I bought the Wii and the Wii Fit plus board a few weeks ago. I also love it, I rarely exercise. Now that I have this I exercise at leats 3 times a week.


----------



## tara_hearts (Jan 18, 2010)

i've been debating on getting this but now i am even more intrigued


----------



## panther27 (Jan 18, 2010)

I just bought a wii yesterday,and in a few weeks I am going to get the wii fit plus.I can't wait to get it,sounds like a lot of fun!


----------



## blackeneddove (Jan 19, 2010)

I have it! I was planning on getting the original Wii Fit for the longest time but I'm glad I never got around to it and got the new version.. I love it! I use it for an hour 4-5 days a week and the games can get a little boring doing the same ones all the time but it's still alot of fun and I love how it tells you how many calories you burn.. I'd definately recommend it.


----------



## kaliraksha (Jan 19, 2010)

I have it and really like it.

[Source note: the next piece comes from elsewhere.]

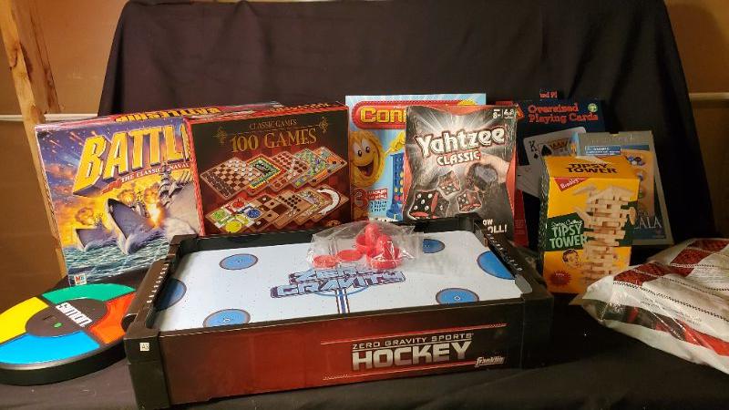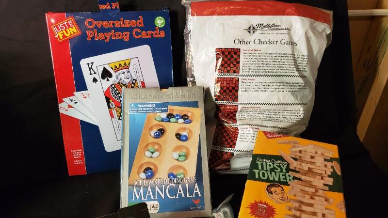 Board games, giant deck of cards, Simon, Mancala, Zero Gravity table top hockey game, and more.

You can get a real work out if you want to and I love that it's cheaper than a few months of a gym membership and I don't have to drive anywhere to do a light work out. It is helpful to have something track things for you, but you can easily do that with an online journal... it's just I've always felt that I didn't need to, but I do find it motivational. I now want to look into EA Active.


----------



## paige2727 (Jan 20, 2010)

Hehe I have it too! Sooo much fun!
The SUper Hoola hoop one really tightens your abs if you do it probably, let me tell you that 
	

	
	
		
		

		
		
	


	




 I want to get the Jillian game off the biggest loser! I reckon that would be awesome!


----------



## CeCe bOO13 (Feb 17, 2010)

Quote:

   Originally Posted by *paige2727* 

 
_Hehe I have it too! Sooo much fun!
The SUper Hoola hoop one really tightens your abs if you do it probably, let me tell you that 
	

	
	
		
		

		
		
	


	




 I want to get the Jillian game off the biggest loser! I reckon that would be awesome!_

 
i have wii fit, i got plus for xmas and i got biggest loser for xmas..

lol the biggest loser is awesome! u start off as a heavier person and you get skinner as you make progress! she really works you and she even gives you recipies and meals and what not! i havent really played it lately jsut on xmas but i figured i mines well start now =]


----------